Questa volta il viziaccio dell’ introspezione mi ha dato una mano grossa. Voglio ringraziarvi tutti, ma proprio tutti per le risposte che mi avete dato, sia qui che da me, perché ho capito da queste che quello che io vivevo come un mio disagio individuale è cosa di sentire generalizzato (e d’ altronde l’ ho scritto qui, e, inutile girarci intorno, GC ha i lettori che si merita. Voglio vedere cosa saltava fuori se l’ avessi scritto su una piattaforma diversa, come mi facevano nera).
Ringrazio in particolare Marta per aver spiegato meglio una cosa che, essendo il mio uno sfogo viscerale, non ci ho messo ma che per me è sempre viva e presente, anzi cito direttamente le sue parole: ” la felicità di cui si parla, anche quando presentata in termini individuali, è necessariamente collettiva/sociale.”
Ecco, qui è il mio problema. Perché la decrescita può darsi solo se vista in prospettiva collettiva, e ne parlano fior di ricercatori, ma ci avete fatto caso cosa arriva a noi pubblico generico? Esatto, quello che abbiamo riconosciuto tutti quanti, la parte banalizzata, idealizzata, marchettizzata e soprattutto individualizzata (potrei aggiungerci un altro paio di ‘zzati, ma ci siamo capiti). Cioè la parte che io chiamo reazionaria.

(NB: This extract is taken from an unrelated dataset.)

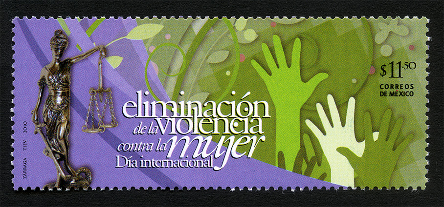 No. Scott: 2720 -- Año de Emisión: 2010 -- Valor Facial: $11.50 -- Multicolor -- Perforación:13 1/4 x 13 -- Tipo de Impresión: Offset Timbre Postal Mexicano multicolor, al fondo de la imagen y sobre un mosaico multicolor, se observa una gran variedad de figuras y trazos, destacando varias manos humanas, del lado derecho aparece La Balanza, que representa el símbolo más conocido de la justicia. Sobre la estampilla está escrito el valor facial de "$11.50", "CORREOS DE MÉXICO", "Día Internacional de la eliminación de la violencia contra las mujeres" y "ZÁRRAGA, TIEV, 2010". Para más información favor de dirigirse a biblioteca@mufi.org.mx

Ci pensavo oggi pomeriggio, vi ricordate quel romanzo di Andrea De Carlo, che ha questo talento geniale nello scrivere di sfigati cosmici e sgradevoli, che sono però l’ esempio perfetto dello spirito del loro tempo? Si, quello lì degli eredi del flowerpower che si danno all’ agricoltura biologica? ecco, noi gente che nel cotè bucolico, passatemi l’ espressione, ci vediamo l’ipocrisia, non possiamo fare a meno di sapere che questo rigurgito di massa in Italia ci è già stato una trentina di anni fa e che da un lato ha prodotto un indotto non indifferente (non so da voi, ma qui in Olanda e Germania i 3/4 dell’ assortimento dei negozi biologici arriva dall’ Italia, e per forza, aggiungerei, segno che è un settore maturo), dall’ altra è stato pagato un prezzo umano altissimo da chi non è riuscito a farle decollare queste aziende, e nessuno ce ne parla. Been there, done that.

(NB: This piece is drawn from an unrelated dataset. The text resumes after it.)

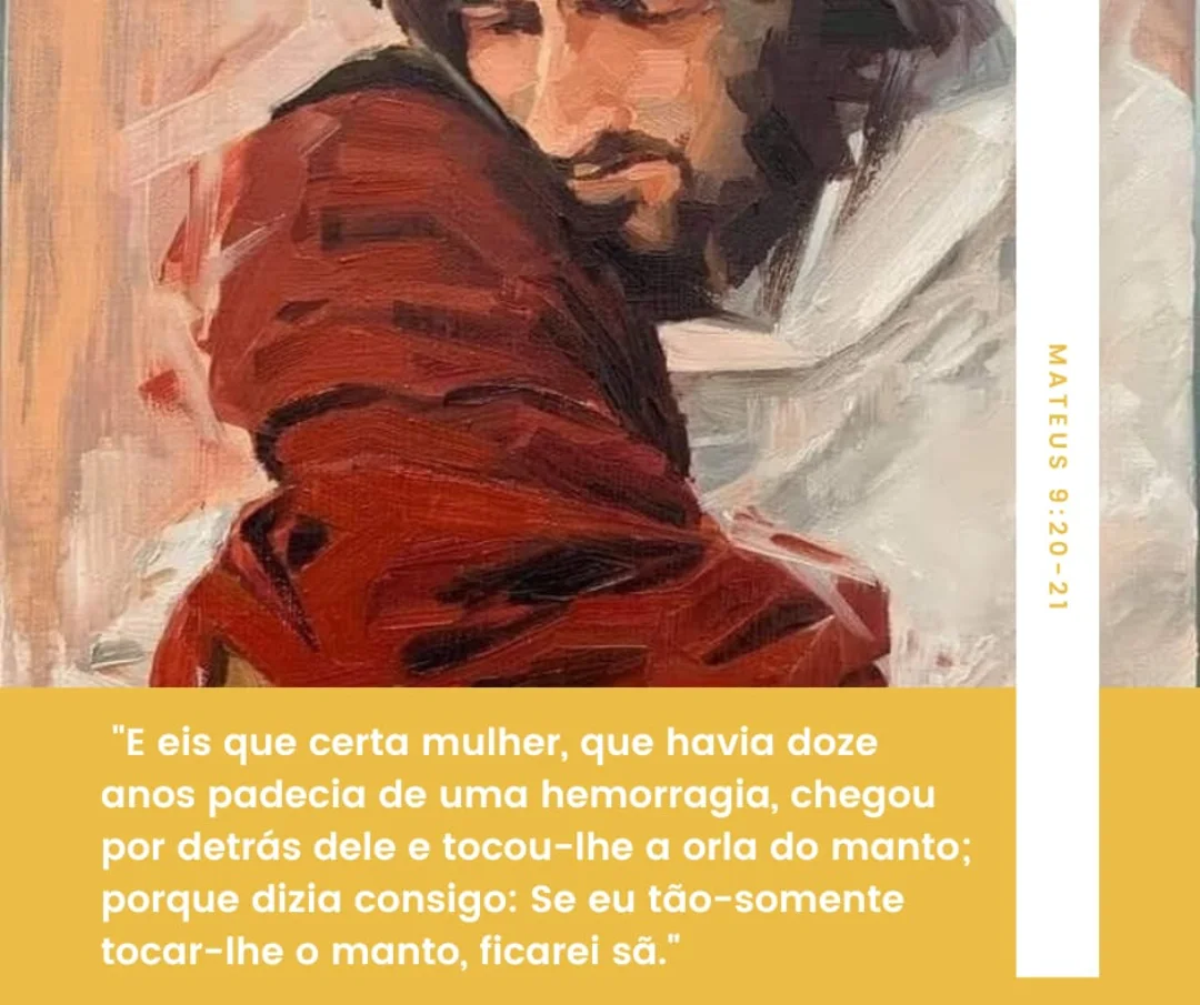 Boa tarde! Essa é uma reflexão profunda sobre a cura e a liberdade proporcionadas pela fé. Relata a história de uma mulher que, após sofrer por doze anos com uma hemorragia, encontra em Jesus a esperança de transformação… Apesar das dificuldades e das normas religiosas de sua época, que a consideravam impura, ela demonstra coragem ao tocar na orla do manto de Jesus, acreditando que seria curada. Essa fé e determinação resultam em sua cura!

Allora se io penso a un articolo di un quotidiano nazionale che non più tardi di qualche settimana fa cantava il peana del futuro agricolo dei giovani precari di oggi, scusate, ma io ci vedo solo la presa per il culo e l’ irresponabilità di far passare certe marce trionfali senza mai citare gli studi seri sulla decrescita. A noi, popolo bue, vendono le favole.
Poi che ci siano persone che riescono a trarne il succo che fa bene alla loro vita, o altri come me che li vedrebbero pure alcuni punti positivi nella loro vita, ma non sono quelli che fanno la mia soddisfazione personale, scusate se lo dico così brutalmente, ma noi siamo minoranza.

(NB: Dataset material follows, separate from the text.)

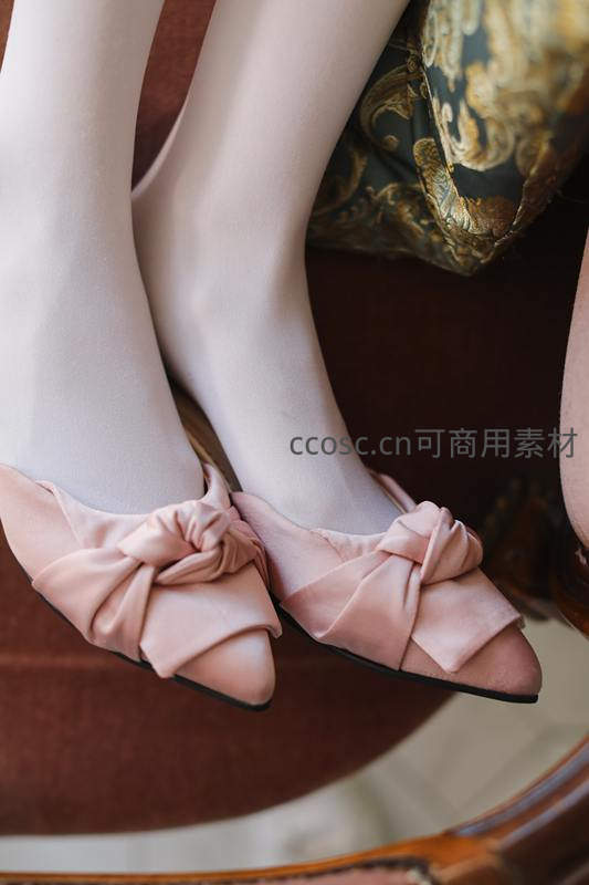 粉色蝴蝶结平底鞋搭配丝袜的优雅特写

Il resto ci crede e applaude, ma da bordocampo.
Allora sapete che vi dico? Siamo minoranza. Siamolo con orgoglio, consapevolezza e disagio. E questo disagio esprimiamolo. Altro che le favole che raccontano in giro. Se con tutti i nostri estremismi sulla questione noi siamo consapevoli del fatto che le nostre scelte fanno la differenza nella nostra vita (prego di notare i possessivi) andiamo avanti così, facciamo i visionari che vedono l’ oasi nel deserto. I bravi piastrellatori di strade che ci conducono, prima o poi ci seguiranno con la cazzuola in mano. Abbiamo bisogno gli uni degli altri (quella dei piastrellatori mi viene da Silvietta, che ringrazio) i sognatori e i tecnici. Ma basta con i marchettari.